__Your task__
Everything from the line with "- Se l'elemento" to the end of the entries should be set down exactly, except the pictures.

BEGIN Given information

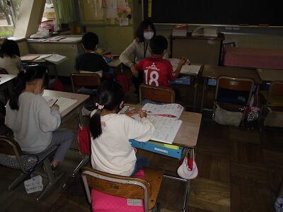 1年生は、算数の苦手部分を支援員さんや算数の先生と一緒に学習していました。
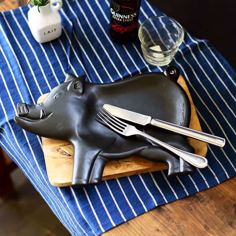リアルなブタの表情がたまらない、洒落た貯金箱。世界各地で縁起物のブタの貯金箱が幸運をもたらしてくれるかも。側面のロゴはフランス語でお金に関する言葉。
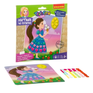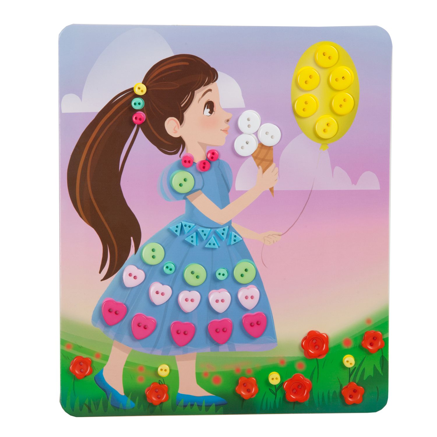 Красочные самоклеящиеся пуговки разных размеров легко крепятся к основе, создавая объемный сюжет.
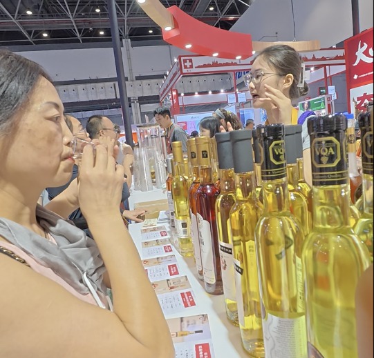 加拿大国家馆的冰酒展台,不少消费者品尝体验。新京报记者秦胜南摄
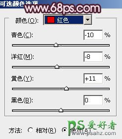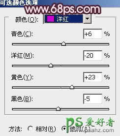 8、创建可选颜色调整图层,对红、洋红、白、黑进行调整,参数设置如图20 - 23,效果如图24。这一步稍微减少暗部颜色。
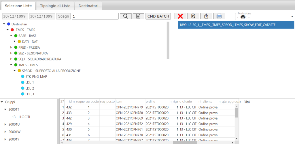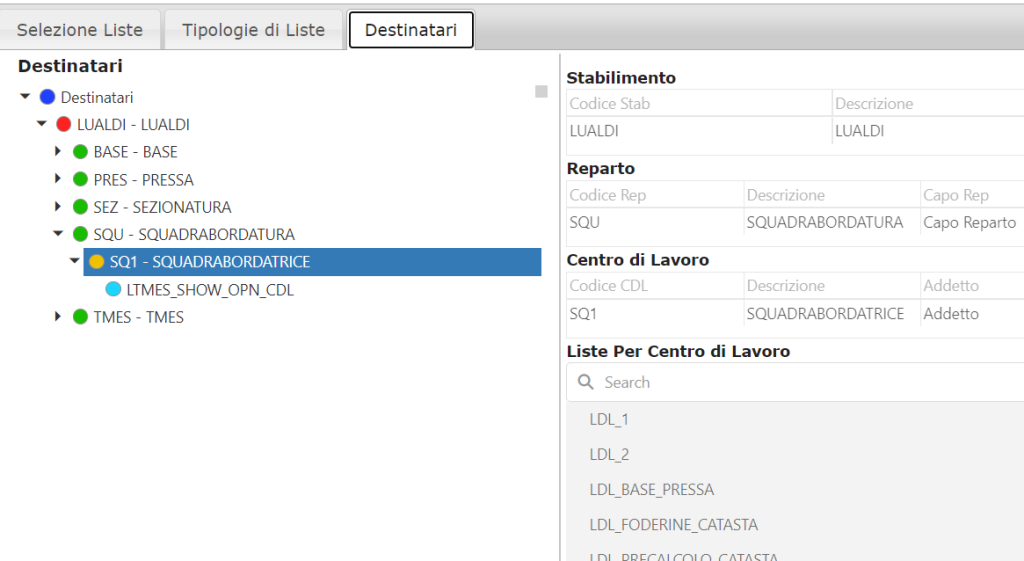 - Se l'elemento selezionato è un Centro di Lavoro verranno mostrate tutte le liste al suo interno.
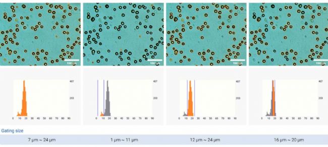 LUNA-III™自動細胞計數(shù)儀根據(jù)尺寸篩選3T3細胞(已知尺寸約18 µm)的能力,我們設定了多個尺寸分選范圍7~24 µm、1~11 µm、12~24 µm、16~20 µm(圖 3)。結(jié)果顯示,

END Given information

__Answer to this task__
 - Se l'elemento selezionato è un Centro di Lavoro verranno mostrate tutte le liste al suo interno.
 LUNA-III™自動細胞計數(shù)儀根據(jù)尺寸篩選3T3細胞(已知尺寸約18 µm)的能力,我們設定了多個尺寸分選范圍7~24 µm、1~11 µm、12~24 µm、16~20 µm(圖 3)。結(jié)果顯示,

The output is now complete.